Rearranging, we have y^2 - 1 = (y-1)(y+1) = 4x^3
As the RS is even, we must have that both (y-1) AND (y+1) be even (do you know why its "AND" as apose to "OR"?).................Divide by 4 on both sides then let z = (y-1) / 2.
We have z(z+1) = x^3 (why?).
Now as gcd(z,z+1) = 1, it follows that BOTH z and z+1 must be a cube, but this implies that there are integers "a" and "b" such that (z+1) - z = a^3 - b^3 = 1.
The only solution to a^3 - b^3 = 1 is a = 1 and b = 0 (why?). Hence z = 0 and x = 0, which implies that y = 1.
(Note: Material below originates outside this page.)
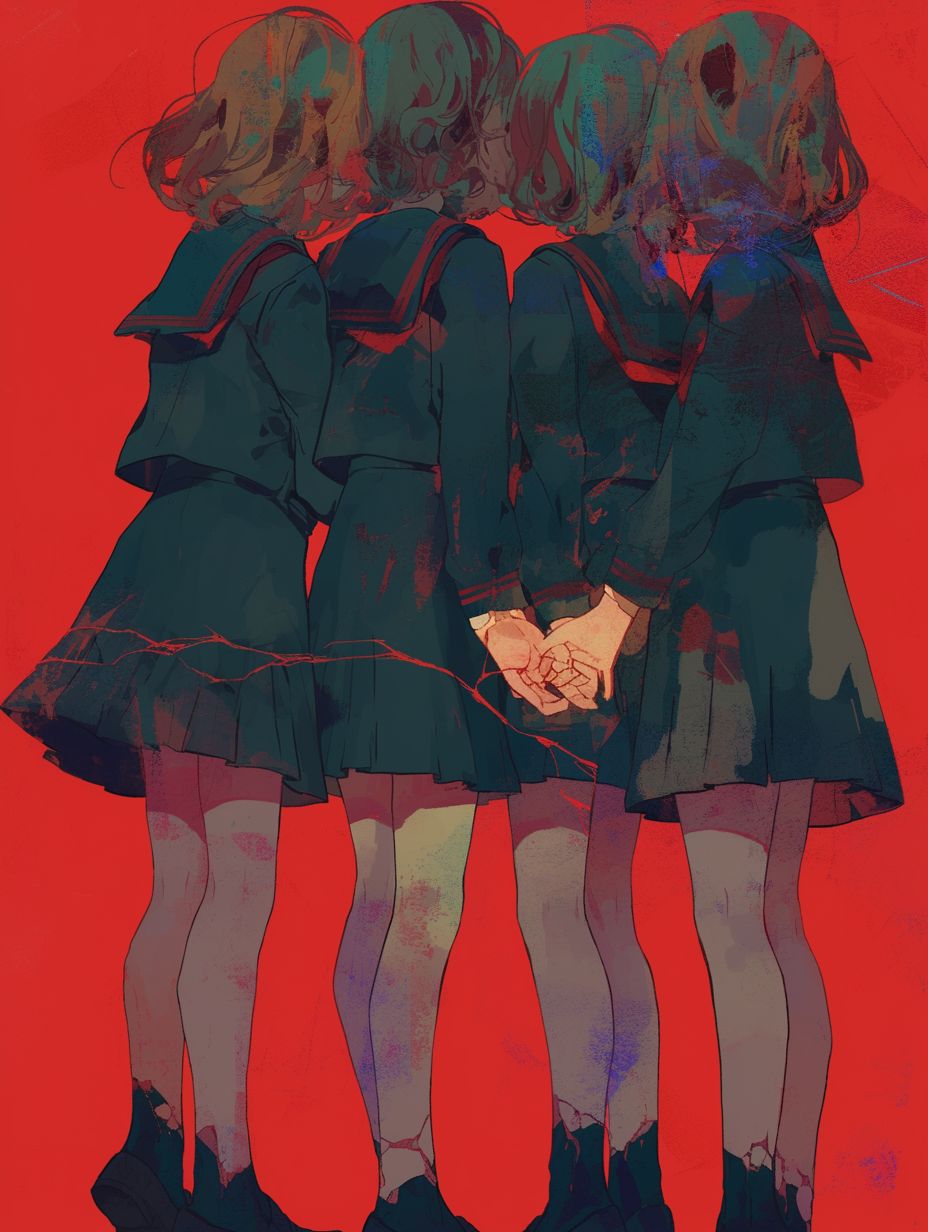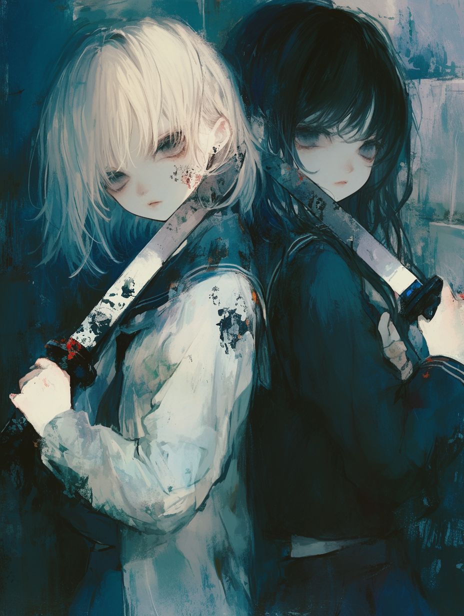 transparent and fragile female vocal, Japanese lyrics, bittersweet and tense atmosphere, inspired by two young female misfits working as hitmen, unpredictable and cinematic song structure, shotgun-like explosive sound textures in drops, chorus with memorable yet unsettling catharsis, mix of nihilism and fragile intimacy, math rock influence with dry and cutting clean guitar riffs, distorted and gritty bassline, syncopated edgy percussion with sudden bursts like gunfire, lo-fi raw recording texture with slightly distorted mix, chord progression: F – G – Am – Em repeating

Of course for the equation $\displaystyle X^2+Y^2=Z^2+t$
There is a particular solution:
$\displaystyle X=1\pm{b}$
$\displaystyle Y=\frac{(b^2-t\pm{2b})}{2}$
$\displaystyle Z=\frac{(b^2+2-t\pm{2b})}{2}$
But interessuet is another solution: $\displaystyle X^2+Y^2=Z^2+1$
If you use the solution of Pell's equation: $\displaystyle p^2-2s^2=\pm1$
Making formula has the form:
$\displaystyle X=2s(p+s)L+p^2+2ps+2s^2=aL+c$
$\displaystyle Y=(p^2+2ps)L+p^2+2ps+2s^2=bL+c$
$\displaystyle Z=(p^2+2ps+2s^2)L+p^2+4ps+2s^2=cL+q$
number $\displaystyle L$ and any given us.
The most interesting thing here is that the numbers $\displaystyle a,b,c$ it Pythagorean triple. $\displaystyle a^2+b^2=c^2$
This formula is remarkable in that it allows using the equation $\displaystyle p^2-2s^2=\pm{k}$
Allows you to find Pythagorean triples with a given difference.
$\displaystyle a=2s(p+s)$
$\displaystyle b=p(p+2s)$
$\displaystyle c=p^2+2ps+2s^2$
$\displaystyle b-a=\pm{k}$ Pretty is not expected relationship between the solutions of Pell's equation and Pythagorean triples.